By Olivia Hewitt and Jack Wright

Kombucha is one of the fastest-growing niches in the U.S. beverage market, reflecting consumers’ search for healthier choices instead of soda and sugary drinks.

Virginia is home to at least seven kombucha breweries. And bottles of the drink are showing up at Rockbridge area restaurants and stores such as Blue Phoenix, Cattleman’s Market, and even CVS sells bottles.

Kombucha is a fermented health drink made from water, tea leaves, sugar and SCOBY, an acronym for symbiotic colony of bacteria and yeast. It is known for its probiotic benefits. The carbonated tea is a bitter cousin of beer and is usually less than one percent alcohol.

A study in Food Science and Food Safety, a Chicago-based journal, said kombucha can have some health benefits, such as supporting immune health. The drink remains largely unregulated and there is no consistent agreement on its health advantages. But consumers are drinking more of it because “sugary sodas are on the decline and alternatives that are healthier are on the rise,” said Kate Zuckerman, owner of Blue Ridge Bucha in Waynesboro, Va.
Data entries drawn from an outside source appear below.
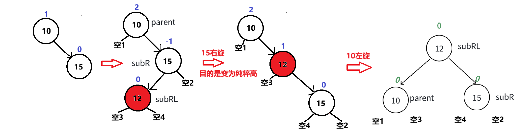 {Node* subR = parent->_right; //parent的右孩子(将成为新根)Node* subRL = subR->_left; //subR的左孩子(需要重新挂接)Node* grandparent = parent->_parent; //向上链接需要//链接新关系parent->_parent = subR;parent->_right = subRL;if (subRL) //防止原来h=0subRL->_parent = parent;subR->_left = parent;if (grandparent == nullptr) //如果parent原是整棵树的根{_root = subR;subR->_parent = nullptr;}else{ //链接关系if (parent == grandparent->_left)grandparent->_left = subR;else grandparent->_right = subR;subR->_parent = grandparent;}//重置平衡因子subR->_bf = 0;parent->_bf = 0;
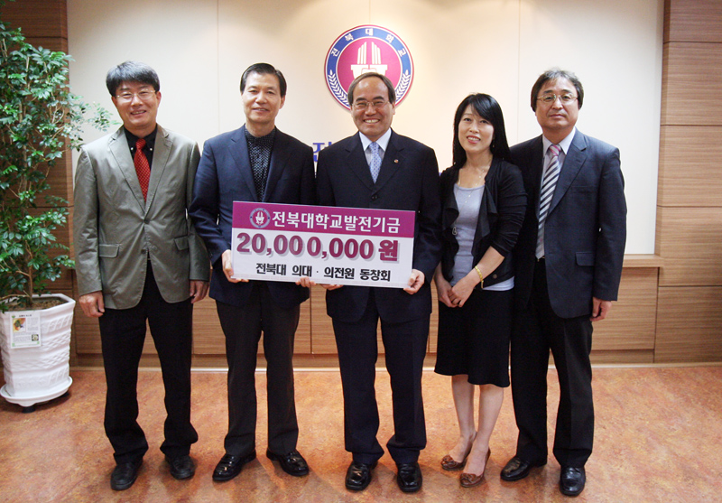 이날 오후 5시 조병춘 동창회장(조병춘 안과원장ㆍ의학과 80년 졸업)과 권삼현 부회장(의전원 이비인후과학 교수), 박숙경 의대 동창회 사무국장은 서거석 총장을 찾아 발전기금 기탁식을 가졌다.
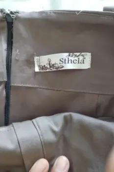 Falda casual tipo lapiz con detalle de argollas ala cintura, en la parte inferior izquierda ya se le cayeron algunas. Medidas: cintura 39 cm, largo 51 cm.
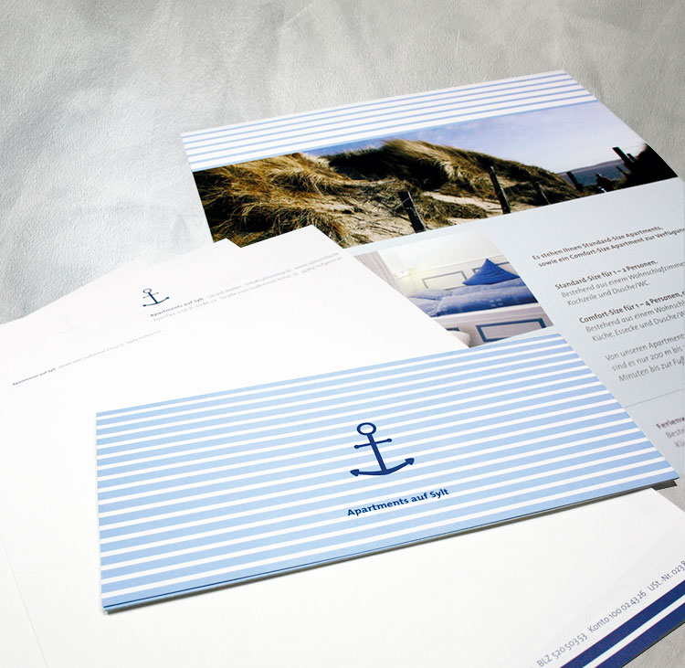 Frisch und maritim kommen die Drucksachen von Syltholiday daher. Im Flyer werden die ruhigen, strandnahen Apartments in Westerland ausführlich in Bild und Text wiedergegeben.
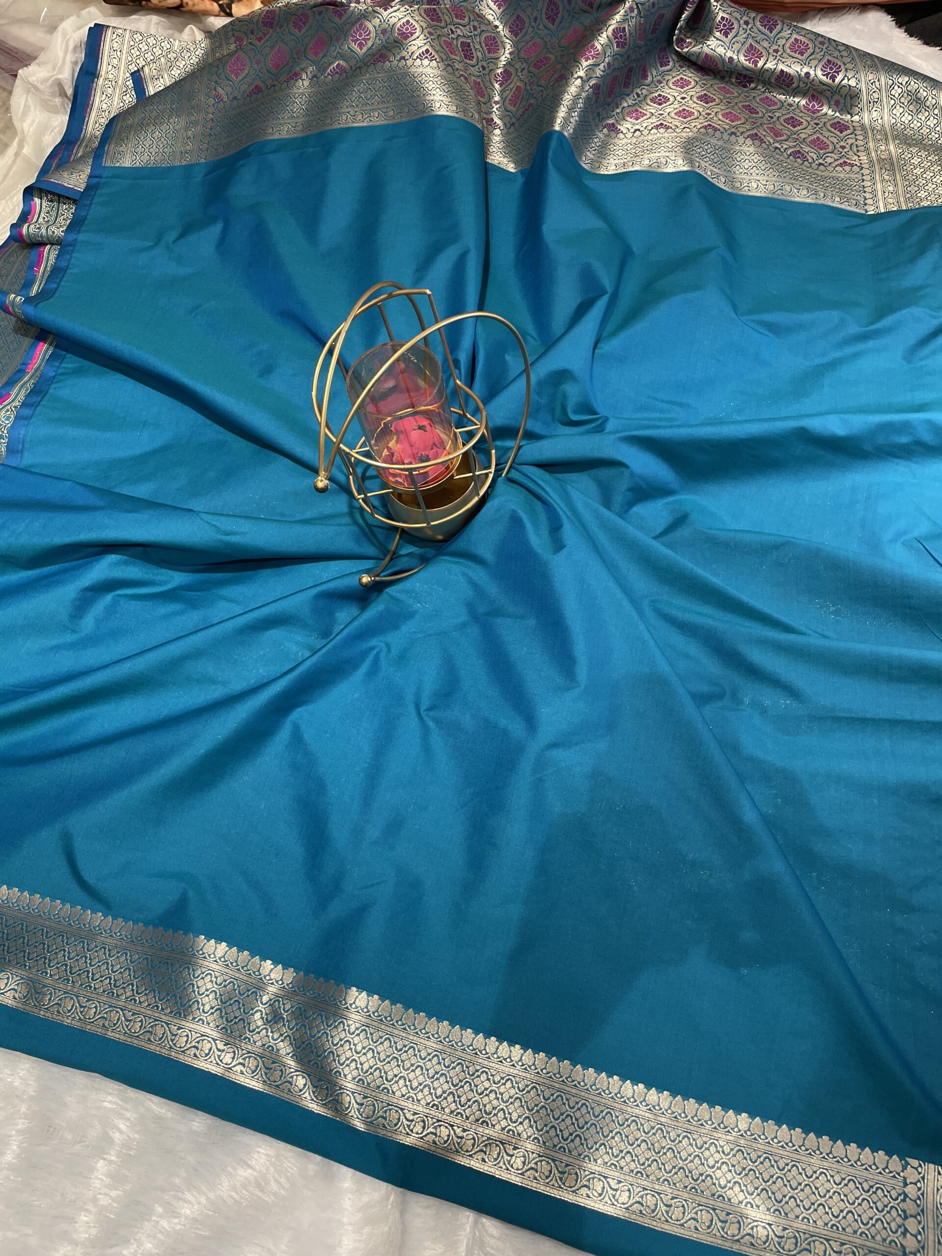 Pure Tilfi Meenakari Silk Saree (Firozi)
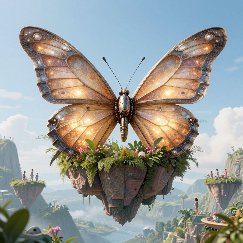 Giant, mechanical butterflies with intricate, glowing wings carry a lush, floating island across a serene landscape of suspended ecosystems, where children explore a world defying gravity and imagination.
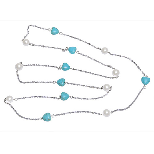 STAINLESS STEEL NECKLACE WITH 7 SYNTHETIC PERALS WITH 7 TURQUOISE STONES IN HEART SHAPE
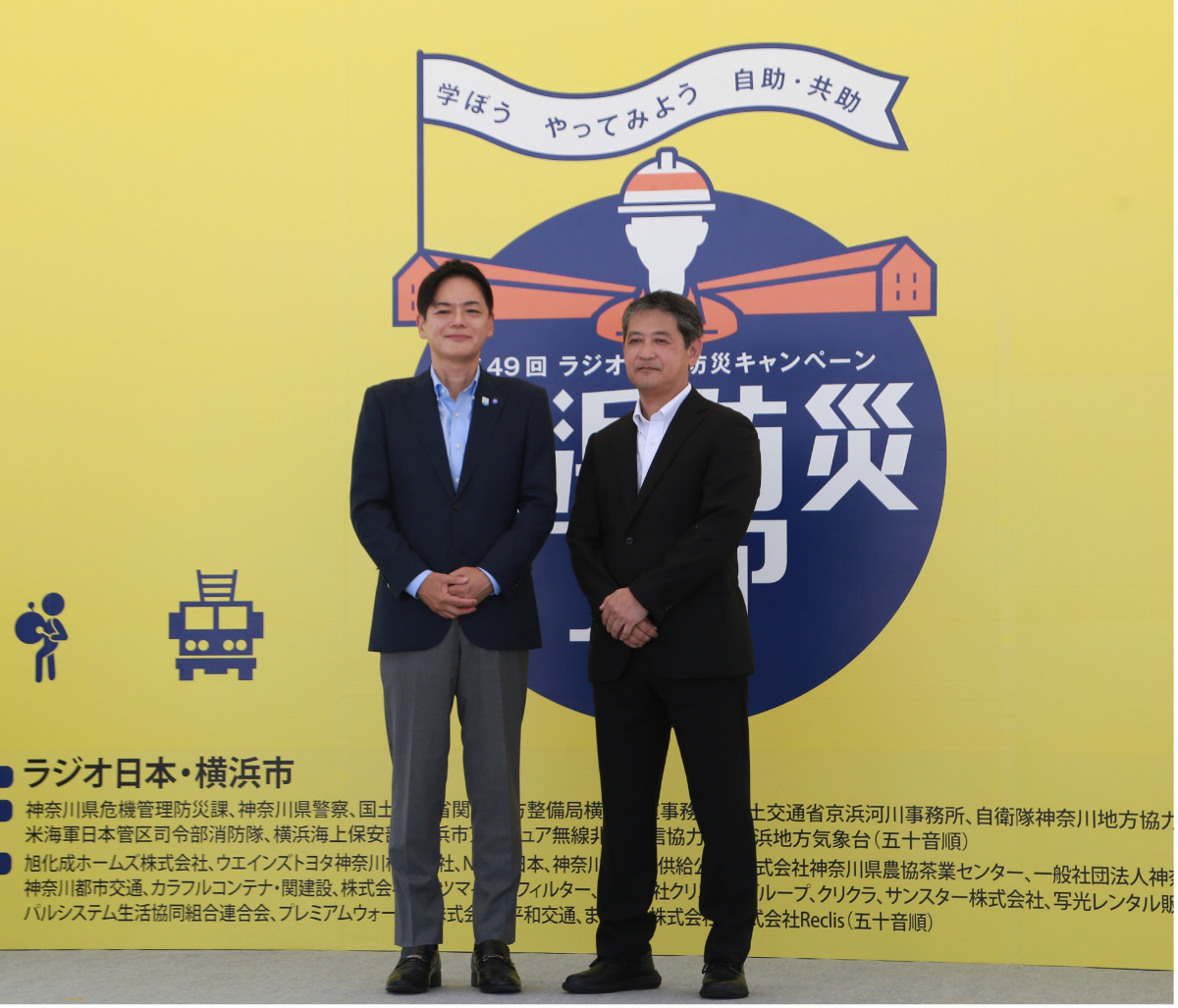 ステージではラジオ日本の番組の公開録音があり、毎週月曜日午後6時から放送されている「マツラジ」に出演するお笑いコンビ「スカイサーキット」の松本勇馬さんが登場。その中で星槎学園高等部の相模太鼓部が力強い演奏を披露した。ほかにも、災害をさまざまな角度から解説する特別番組の録音もあり、9月14日午後9時15分から10時30分まで放送される予定。
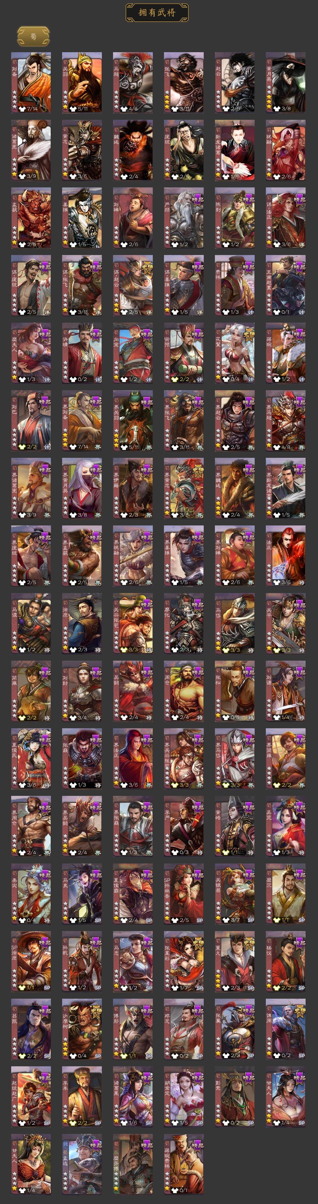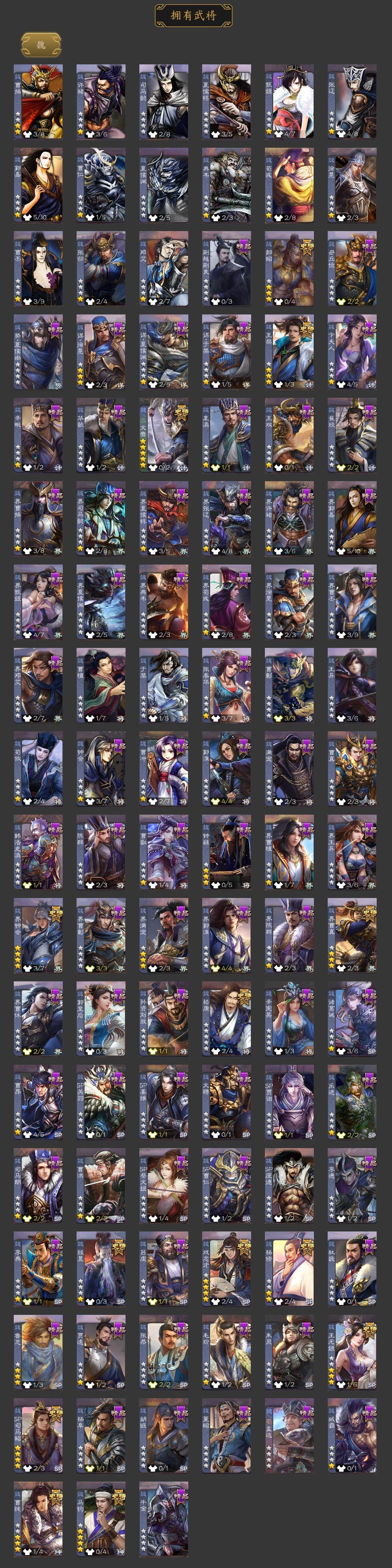 【1538】官阶:大将军;VIP等级:VIP11;史诗武将数量:55;动态皮肤数量:40;武将总数:418;史诗宝珠数量:0;将魂数量:65;神将:7;魏国史诗武将:20;蜀国史诗武将:7;吴国史诗武将:9;群史诗武将:21

Some of the top soft drink companies have taken notice. PepsiCo bought Kevita Master Brew Kombucha in 2016 and Coca-Cola bought Australian brand Mojo Kombucha earlier this year.

“When you see the big corporations out there buying kombucha brands, then you know there’s an impact,” said Brad Procak, owner of Tha Best Kombucha out of Floyd, Va.

Micro Market Monitor, a Maharashtra, India-based firm that studies niche markets, estimates that the global kombucha market will reach $2 billion by 2020, up from $600 million in 2015.

To be sure, the kombucha market is tiny compared to the $540 billion global soda market, the 2016 estimate by the San Francisco-based firm, Grand View Research.

Still, local kombucha brewers, such as Peter Roderick, owner of Mountain Culture Kombucha, had to buy more equipment soon after he began selling kegs at farmers markets in 2012. Based in White Hall, Va., Mountain Culture is sold in more than 130 stores in Virginia and nearby states. “It’s been a whirlwind the last six years,” Roderick said.

Only 30 other kombucha companies initially competed with Mountain Culture. Kombucha Brewers International, a leading industry group, now represents more than 180 companies, up 40 percent since 2017.

He welcomes the thriving competition: “More people are aware of it now.”

There are now over 10 brands that market their products across the country. Some of the largest companies in the market include GT’s Kombucha Company, Reed’s Inc., Live Soda Kombucha and Kombucha Wonder Drink.

Waynesboro owner Zuckerman said she likes to see national brands on the Virginia shelves. “We don’t see them as competition, we see them as partners,” she said. Big brands “allows smaller businesses to be great, local high-quality small batch alternatives.”

Zuckerman sells to more than 80 retailers in the regional area.

Some local kombucha breweries are adding their own tap rooms where consumers can sample fresh kombucha.

Zuckerman’s Blue Ridge Bucha opened one in June, while Mountain Culture plans on opening one in the next two years.

“We’ll have a place people can come to,” said Roderick, of Mountain Culture, said. “Maybe do cocktails, that’s still in the early stages of development.”